Researchers call for more transparency in AI

October 21, 2020


Benjamin Haibe-KairnsTORONTO – International scientists are challenging their colleagues to make Artificial Intelligence (AI) research more open and reproducible to accelerate the impact of their findings for cancer patients. In particular, they’re targeting studies that claim AI systems are better at diagnosing disease than physicians, but which fail to offer enough transparency to test and reproduce the results.

In an article published in Nature on Oct. 14, scientists at Princess Margaret Cancer Centre, University of Toronto, Stanford University, Johns Hopkins University, Harvard University School of Public Health, Massachusetts Institute of Technology, and others, challenge scientific journals to hold computational researchers to higher standards of transparency, and call for their colleagues to share their code, models and computational environments in publications.

“Scientific progress depends on the ability of researchers to scrutinize the results of a study and reproduce the main finding to learn from,” says Dr. Benjamin Haibe-Kains (pictured), senior scientist at Princess Margaret Cancer Centre and first author of the article.

“But in computational research, it’s not yet a widespread criterion for the details of an AI study to be fully accessible. This is detrimental to our progress.”

The authors voiced their concern about the lack of transparency and reproducibility in AI research after a Google Health study by McKinney et al., published in a prominent scientific journal in January 2020, claimed an AI system could outperform human radiologists in both robustness and speed for breast cancer screening.

The study made waves in the scientific community and created a buzz with the public, with headlines appearing in BBC News, CBC and CNBC.

A closer examination raised some concerns: the study lacked a sufficient description of the methods used, including their code and models. The lack of transparency prohibited researchers from learning exactly how the model works and how they could apply it to their own institutions.

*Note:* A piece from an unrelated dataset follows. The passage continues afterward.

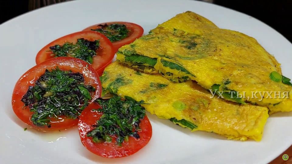 Разогрейте сковороду с топленным маслом, вылейте яичную смесь и готовьте под крышкой на среднем огне около 10 минут. Затем аккуратно переверните омлет и доведите до готовности еще 2 минуты. Подавайте омлет с подготовленной закуской из помидоров, добавив немного маринада на тарелку.
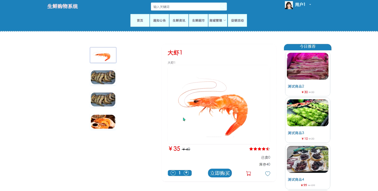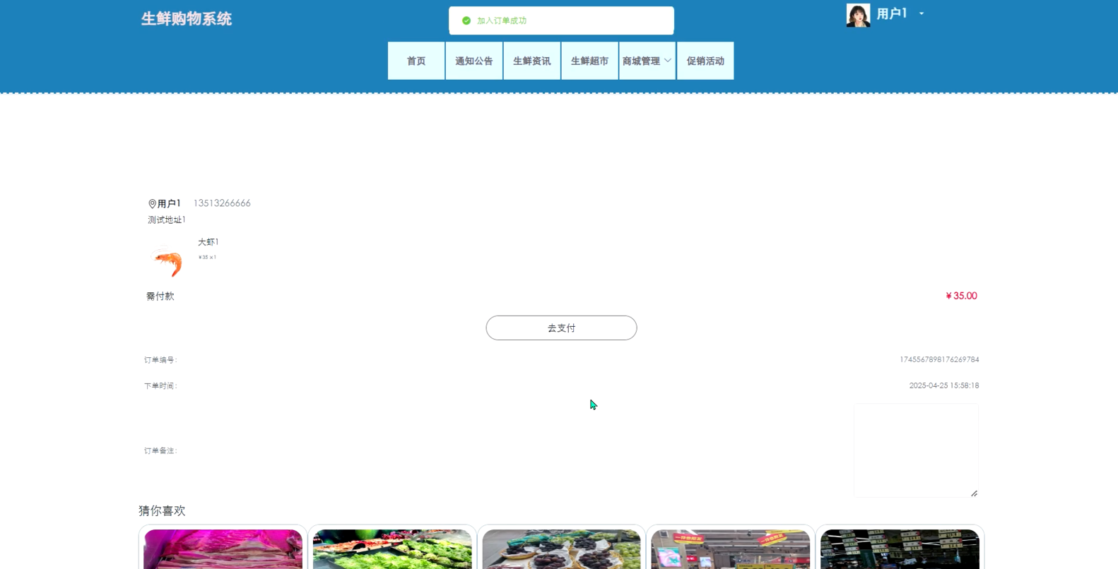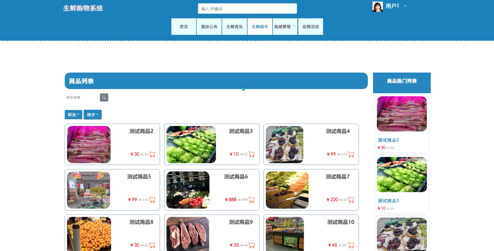 Key words: fresh food shopping system SpringBoot、Vue、MySQL、 E-commerce function

“On paper and in theory, the McKinney et al. study is beautiful,” says Dr. Haibe-Kains, “But if we can’t learn from it then it has little to no scientific value.”

According to Dr. Haibe-Kains, who is jointly appointed as associate professor in Medical Biophysics at the University of Toronto and affiliate at the Vector Institute for Artificial Intelligence, this is just one example of a problematic pattern in computational research.

“Researchers are more incentivized to publish their finding rather than spend time and resources ensuring their study can be replicated,” explains Dr. Haibe-Kains. “Journals are vulnerable to the ‘hype’ of AI and may lower the standards for accepting papers that don’t include all the materials required to make the study reproducible – often in contradiction to their own guidelines.”

This can actually slow down the translation of AI models into clinical settings. Researchers are not able to learn how the model works and replicate it in a thoughtful way. In some cases, it could lead to unwarranted clinical trials, because a model that works on one group of patients or in one institution, may not be appropriate for another.

In the article titled Transparency and reproducibility in artificial intelligence, the authors offer numerous frameworks and platforms that allow safe and effective sharing to uphold the three pillars of open science to make AI research more transparent and reproducible: sharing data, sharing computer code and sharing predictive models.

“We have high hopes for the utility of AI for our cancer patients,” says Dr. Haibe-Kains. “Sharing and building upon our discoveries – that’s real scientific impact.”